======== DATA RECORDS

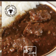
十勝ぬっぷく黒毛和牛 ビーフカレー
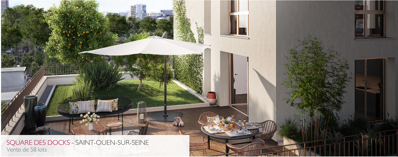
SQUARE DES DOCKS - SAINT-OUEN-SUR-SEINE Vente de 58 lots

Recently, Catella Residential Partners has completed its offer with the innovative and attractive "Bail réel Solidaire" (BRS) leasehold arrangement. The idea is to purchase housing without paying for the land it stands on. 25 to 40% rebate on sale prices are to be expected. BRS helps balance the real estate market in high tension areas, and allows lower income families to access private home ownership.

================
======== DATA RECORDS

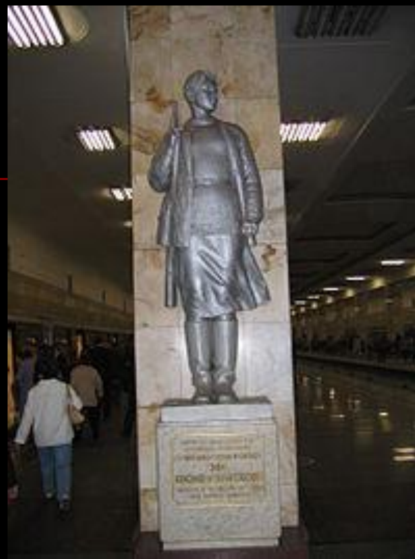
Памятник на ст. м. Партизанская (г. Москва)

================

[TASK TO COMPLETE] Exactly the lines above from the one that contains "十勝ぬっぷく黒毛和牛 ビーフカレー" down to the one that contains "Recently, Catella Residential" are to be output, both ends kept and pictures omitted.

[SOLVED EXERCISE]
十勝ぬっぷく黒毛和牛 ビーフカレー
SQUARE DES DOCKS - SAINT-OUEN-SUR-SEINE Vente de 58 lots

Recently, Catella Residential Partners has completed its offer with the innovative and attractive "Bail réel Solidaire" (BRS) leasehold arrangement. The idea is to purchase housing without paying for the land it stands on. 25 to 40% rebate on sale prices are to be expected. BRS helps balance the real estate market in high tension areas, and allows lower income families to access private home ownership.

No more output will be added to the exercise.